The applications of metamaterials – structures that can generate negative refractive indices – have long been overshadowed by the prospect of an invisibility cloak. John Pendry from Imperial College London talks to Louise Mayor about how they could be used in practice
What are metamaterials?
An ordinary material responds to an electric field, say, according to how the atoms and molecules polarize. But in a metamaterial, the atoms and molecules are replaced by slightly larger elements, such as tiny metallic rings. By designing their structure, you can design into these materials electric and magnetic properties that have never been seen in natural materials.
What are people working on now in basic metamaterials research?
What people are still doing is they’re having fun, and just seeing what you can do with this technology. There’s also a related technique called transformation optics, which teaches you what sort of metamaterial you need to put the electric and magnetic fields where you want them.
So nothing about invisibility cloaks then?
The cloak, of course, was wonderful for the public because it rang so many bells, but that was just the extreme of how far can you go with these technologies.
So what could be the first application of metamaterials?
The most advanced one is by a US company called Kymeta, which is a spin-out from the patent firm Intellectual Ventures, in Seattle. Kymeta uses metamaterials to build satellite-communications receivers.
Satellite receivers are one of the things where metamaterials are making things cheaper, better
How is this different from a normal receiver?
A usual receiver is a 30 cm steerable dish. It’s heavy and takes quite a bit of power to run the electric motor. There is a more sophisticated version of a receiver called a phased array and that’s in the form of a flat plate that is full of little dipole antennas that you can steer the direction of electronically – nothing moves mechanically.
What’s wrong with using a phased array receiver?
It’s expensive – many tens of thousands of dollars! You’ve got hundreds of thousands of transistors, making the phased array an order of magnitude more expensive than a dish.
So how can metamaterials help?
Metamaterials are cheap and can do this job of making a phased array, as you can make them tuneable by putting a little nonlinear device there.
How close is this device to market?
Kymeta has a product ready to go, which it will license to satellite-communications companies. The firm has capital of around $50m – half of which came from Microsoft founder Bill Gates.
How much will this receiver cost?
Kymeta hopes to market it for under a thousand dollars. So that’s one success story. It is one of the things where metamaterials are helping make things cheaper, better. The receiver can also plug into a USB port in your laptop, which is nice.
Are there any other applications for metamaterials?

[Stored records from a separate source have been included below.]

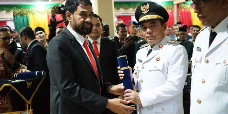 LHOKSEUMAWE – Pelantikan Wali Kota dan Wakil Wali Kota Lhokseumawe periode 2025-2030 berlangsung khidmat dalam rapat paripurna DPRK Lhokseumawe di Gedung DPRK, Senin (17/02/2025). Acara ini dipimpin oleh Ketua DPRK Lhokseumawe, Faisal, didampingi dua Wakil Ketua, serta dihadiri oleh Gubernur Aceh, Muzakir Manaf, yang bertindak sebagai pejabat Pelantikan.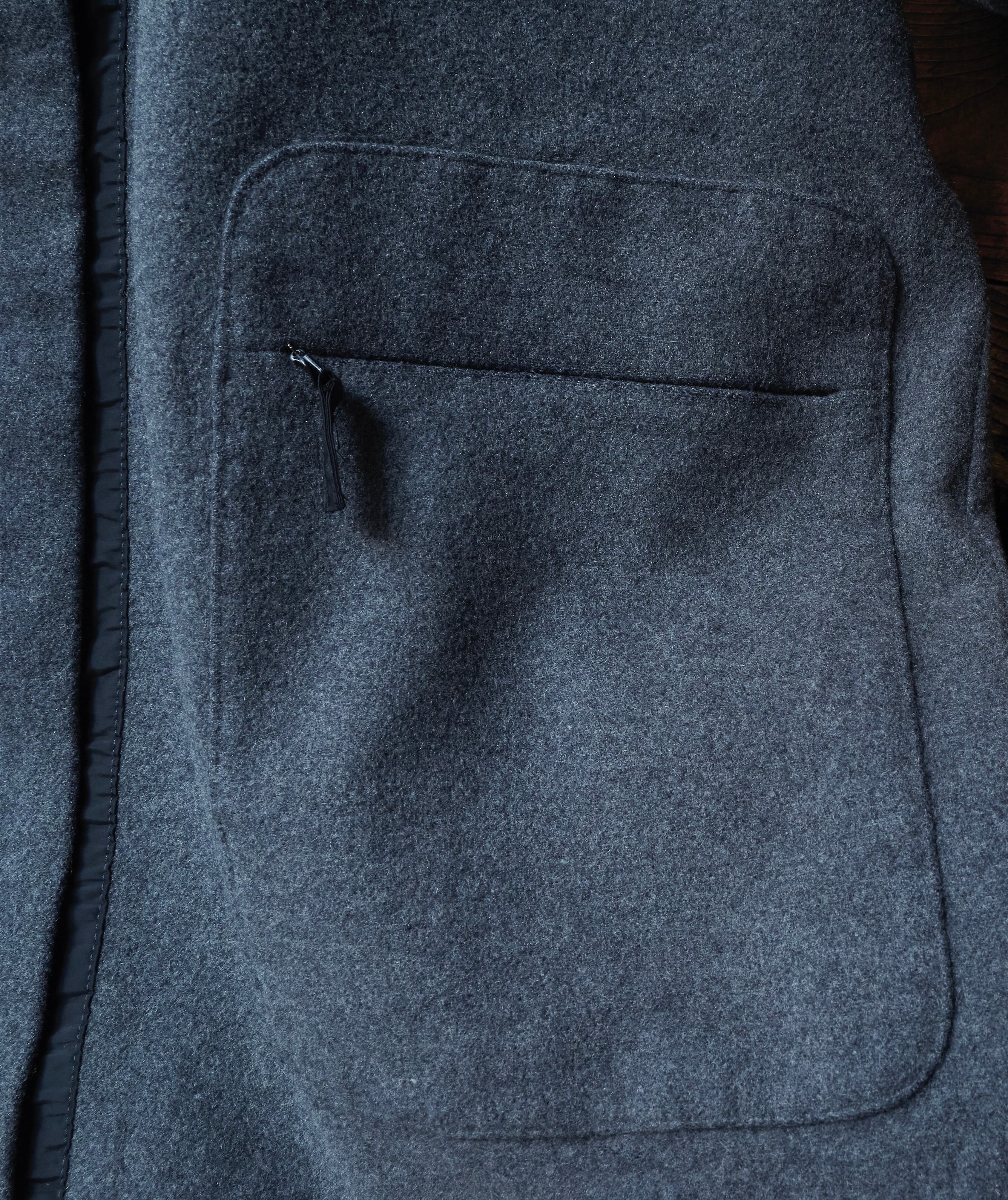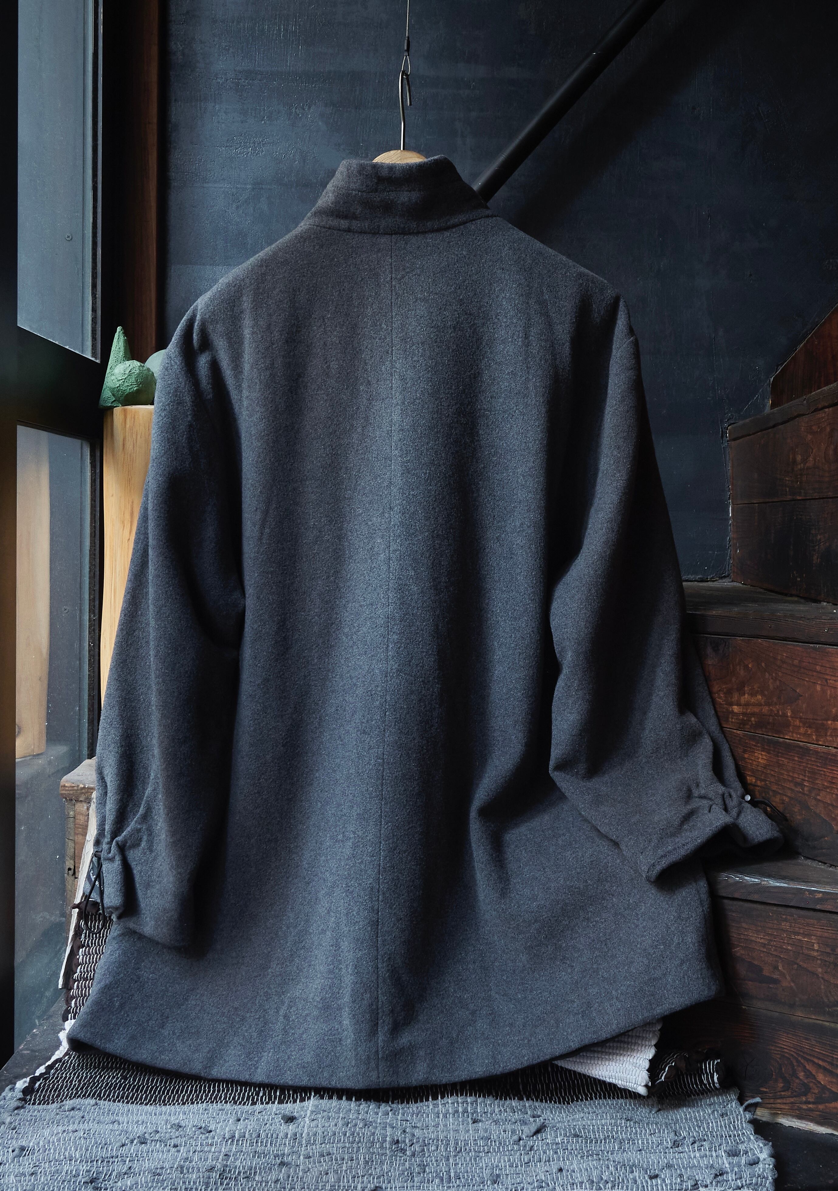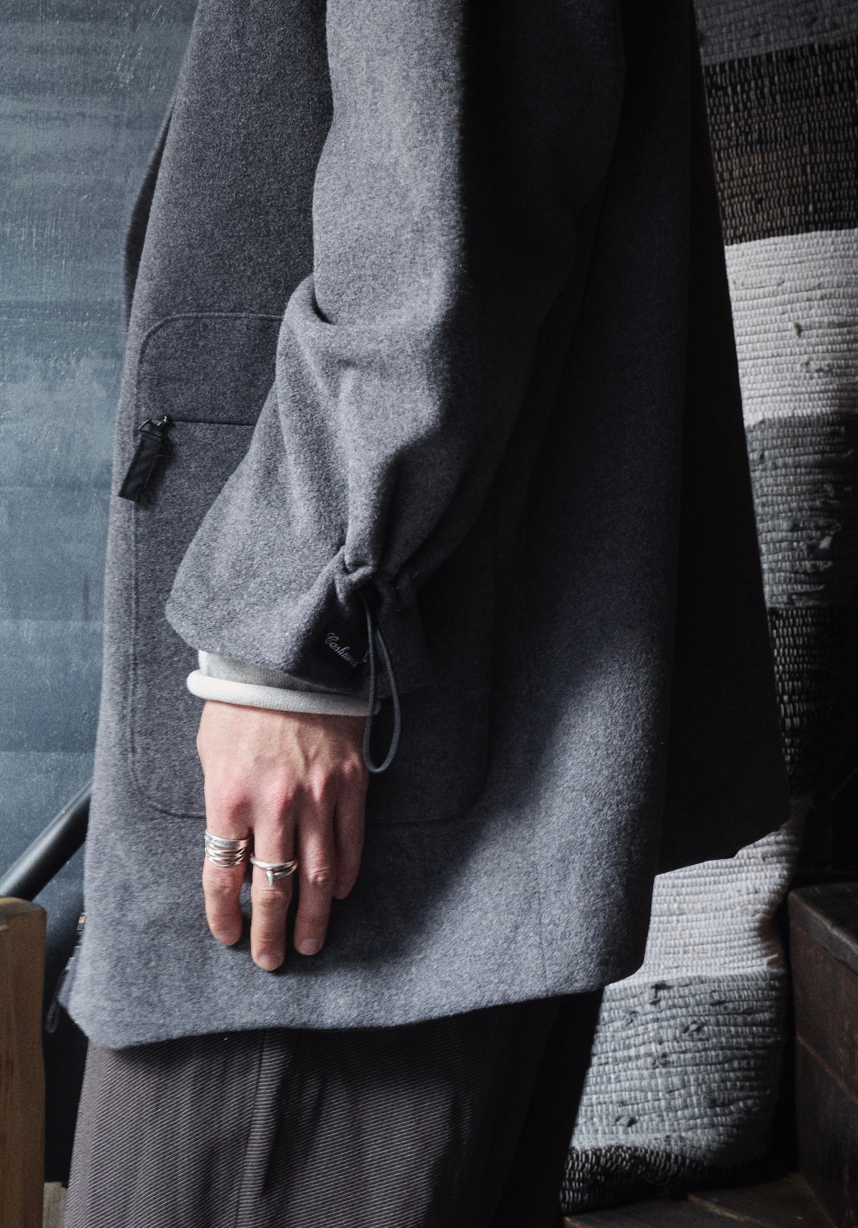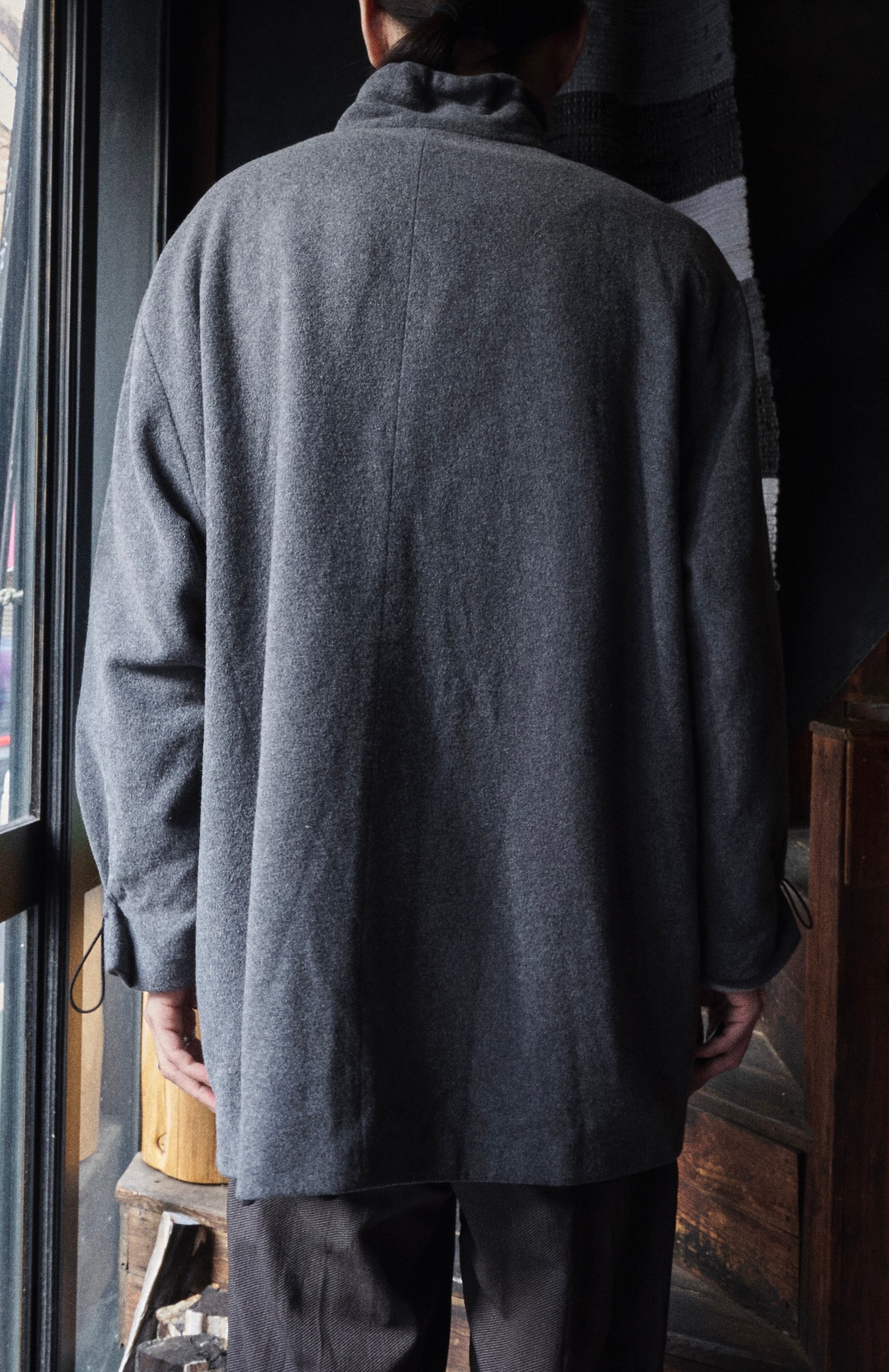 ウールナイロンカシミヤ混紡生地を使用した面白いデザインのジャケット。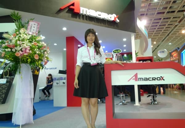 Гостеприимная хозяйка стенда — глава российского представительства FSP Group, Бренда Су (Brenda Su) — позирует именно на фоне стоек с логотипами Amacrox.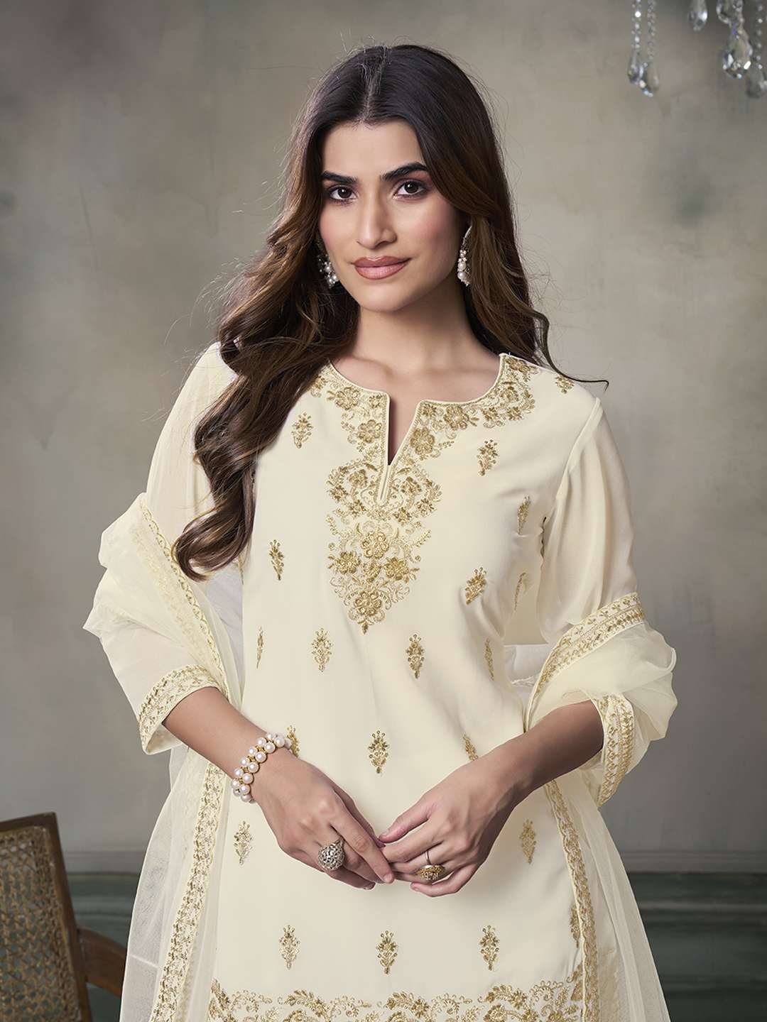 Upgrade your wardrobe with this breathtaking white floral zari sequinned embroidered georgette kurta set — a stunning 3-piece ensemble that redefines festive dressing. The beautifully embroidered white kurta is crafted in premium georgette fabric, renowned for its soft, fluid drape and elegant fall, and is fully lined with a crepe inner for a structured, polished finish that moves gracefully with every step. The intricate floral zari and sequin embroidery catch the light magnificently, creating a dazzling effect that commands attention at every celebration.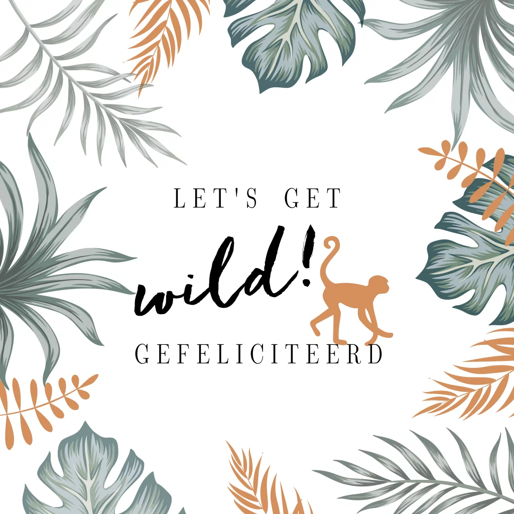 Let's get wild! Feliciteer de jarige met deze leuke junglekaart. Op deze verjaardagskaart verschillende bladeren in botanische stijl en een klein aapje.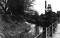 Looking southwards in 1972 is the River Leen as it passes Radford Colliery. Radford Colliery was operational from 1898 to 1964 and prior to nationalisation was owned by Wollaton Collieries Ltd. |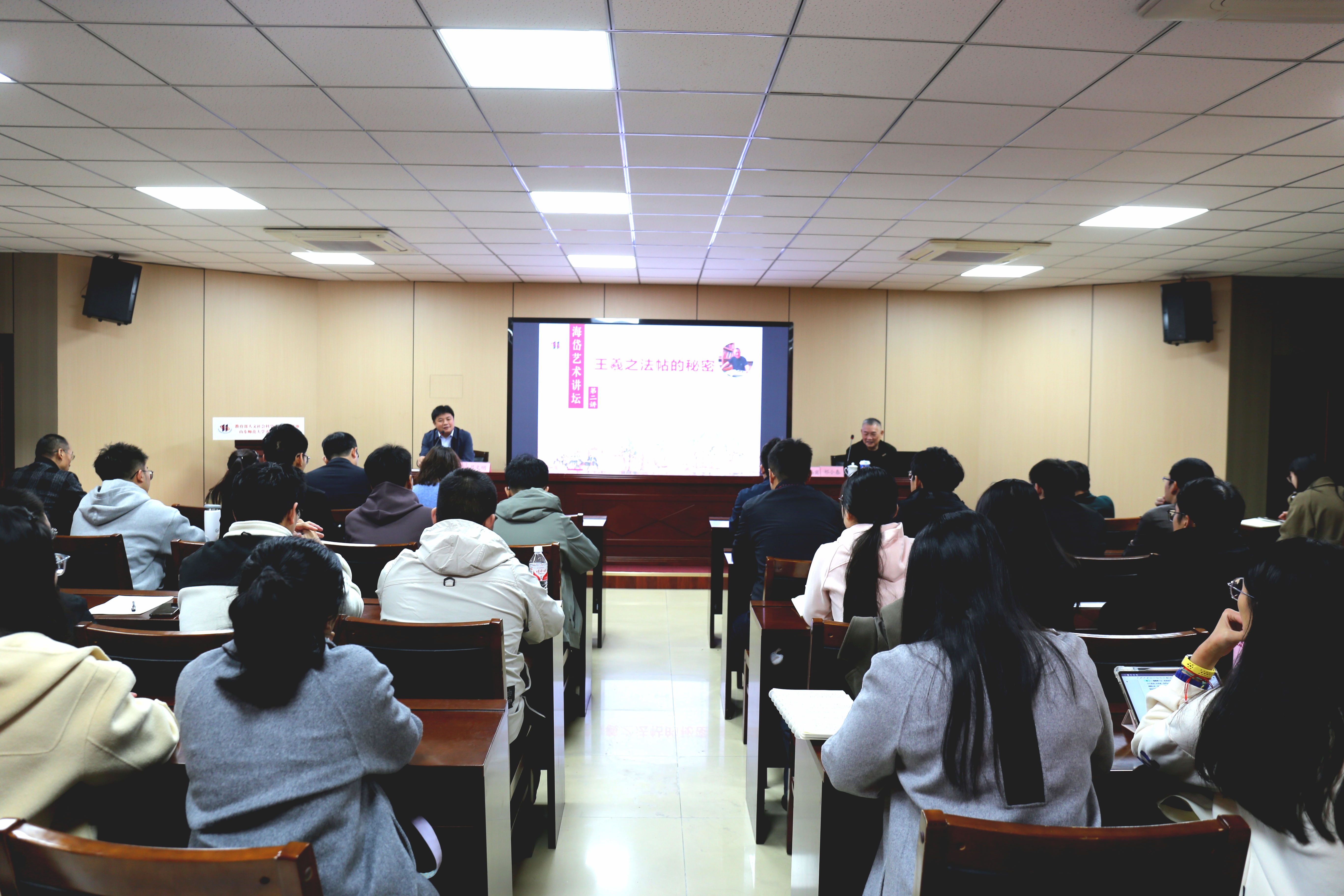 10月21日上午,由教育部人文社会科学重点研究基地山东师范大学齐鲁文化研究院、山东师范大学社会科学处主办的“海岱艺术讲坛”第二期暨社科大讲坛之一四三九期《王羲之法帖的秘密》,在山东师范大学千佛山校区逸夫楼报告厅举行。本次讲座由中国人民大学吴玉章讲席教授祁小春老师担任主讲嘉宾,校内外百余名师生参加了本次讲座。讲座由齐鲁文化研究院院长吕文明教授主持。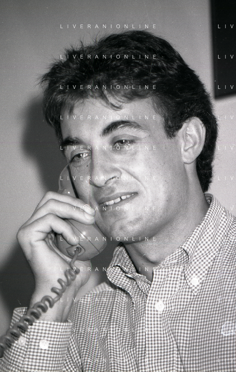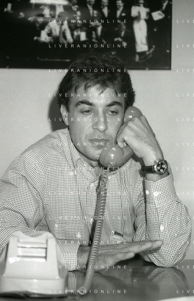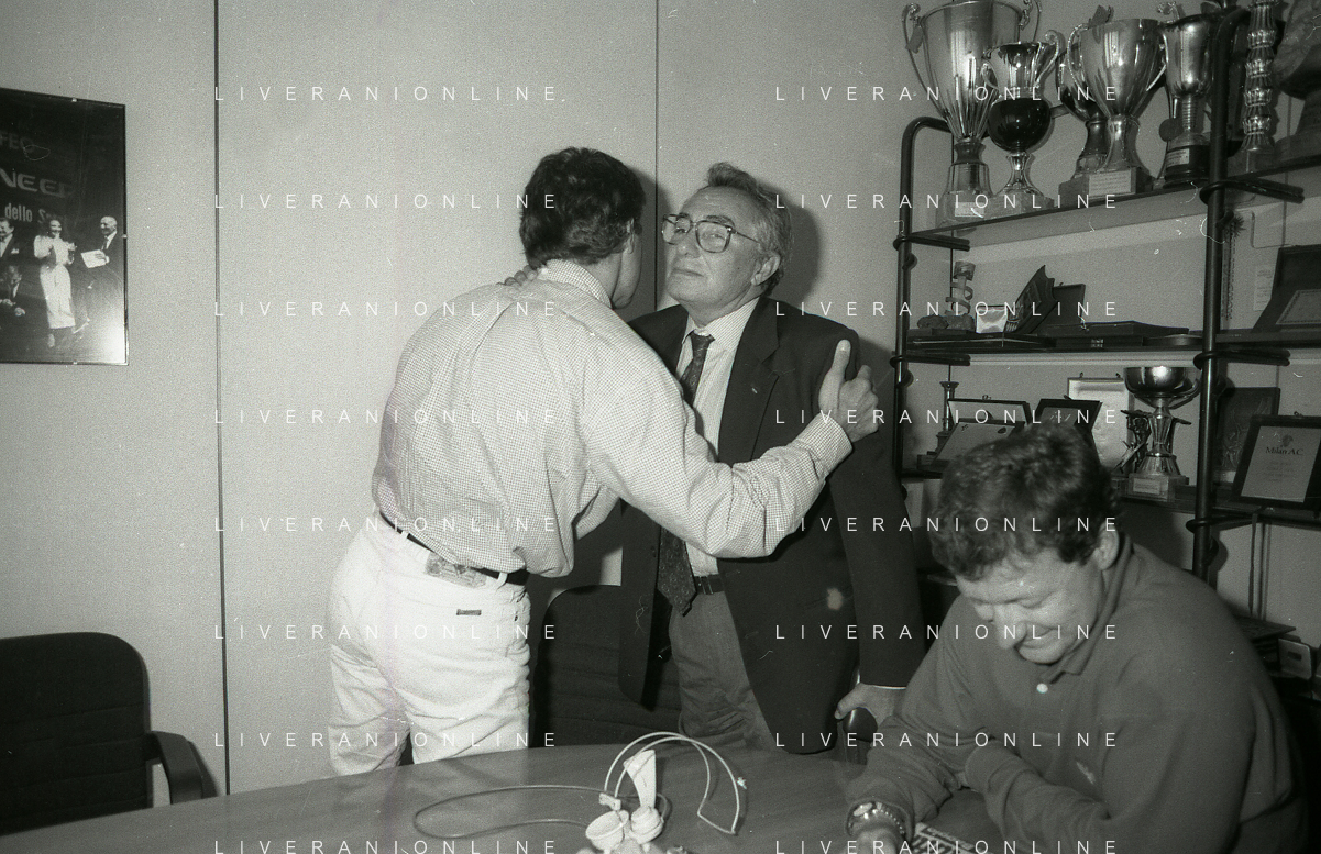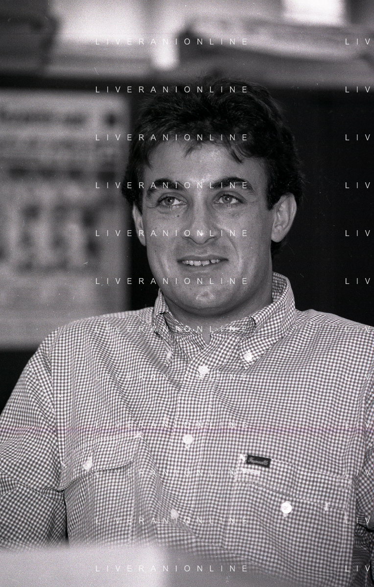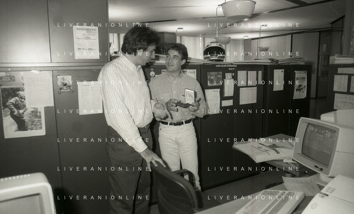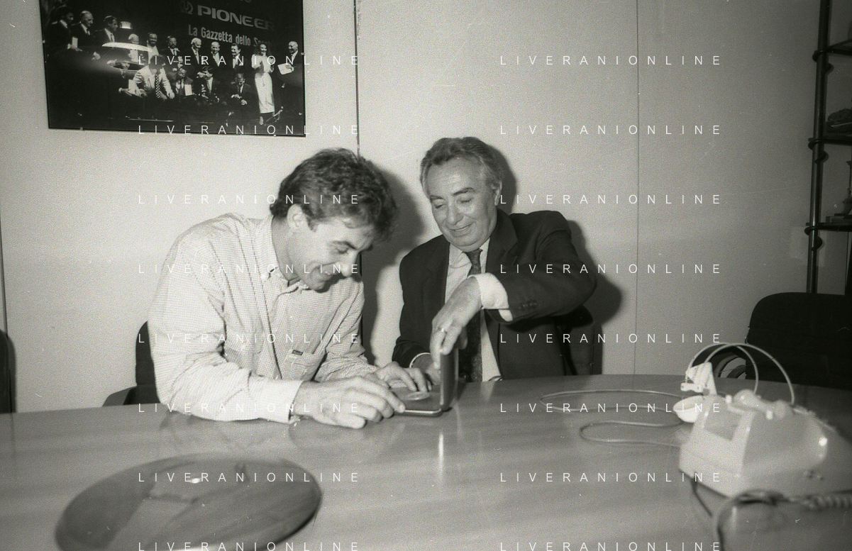 1993 MILANO REDAZIONE DELLA GAZZETTA DELLO SPORT OSPITE PER LE TELEFONATE COI LETTORI JEAN ALESI NELLA FOTO JEAN ALESI CON IL GIORNALISTA PINO ALLIEVI AG ALDO LIVERANI SAS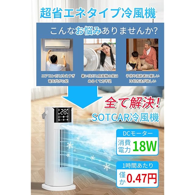【18wで省エネ・スリムタワー型・持運ラクラク】電気会社の料金単価が31円/kWhの場合、1時間あたりの電気代の目安は0.47円!消費電力の小さい製品ほど省エネ性が高く、電気代を抑えられます!重量は僅か1.45kg、革製取ってもつきますので、女性や高齢者でも持ち運びやすい!タワー型デザインでスペースを取らず、キッチン、オフィス、寝室、自宅、エアコンを設置できないところなどさまざまな場所に大活躍できます。送風口が細長く、立ち仕事をしながら涼みたい場合に便利です。お買上げから、一年間品質を致しております。ご購入後、不具合が発生した場合は、無料交換で対応させて頂きます。ご使用中に、何か問題がございましたら、お気軽に弊社までご連絡ください。

My colleague Richard Syms in electrical engineering at Imperial is using hundreds of little metamaterial elements called split-ring resonators and stacking them together to make a wire. Instead of conducting electrical current, this wire conducts magnetic flux down the centre of these little resonators. It only works at one frequency but that’s fine if you’re dealing with magnetic resonance imaging (MRI).
How are such scans currently done?
With heart scans, for example, doctors usually cut a nearby vein and then they push this little coil of wire up near the heart so it can pick up the weak magnetic signals that are produced when hydrogen nuclei in the body are excited using an external RF field.
Why does the technique need improving?
When you turn the magnetic signal into an electrical one it travels down the wire, but the wire is about the right length to resonate with the exciting signal, which is usually quite powerful. If that wire gets hot it then sticks to the side of the vein – not a good experience.
What properties do metamaterials have to solve this problem?
While the body responds dramatically to an electrical current, it hardly responds to a magnetic one. Syms’ wire takes the magnetic signal and keeps it as a magnetic signal that travels safely out of the body.
Why are defence agencies so interested in metamaterials research?
There’s a whole lot of stuff happening that I never hear about because a lot of it has gone confidential because it’s useful. The US defence agency DARPA, for example, allows you to publish everything while you’re in the “what if?” stage, but once you get devices, you then find that the wraps go over it and it goes into patents and what-not.
Any defence research you can tell us about?
There is something called compressive sensing, which is a way of taking a very limited amount of data from a scene and using that data to construct a very accurate image with less information than you’d use for a whole scene capture.
How does that work?
The way they do that is a version of this satellite-communications receiver, only instead of receiving a signal, using terahertz or low-frequency radiation you actually throw out a signal around the room and “sense” the room.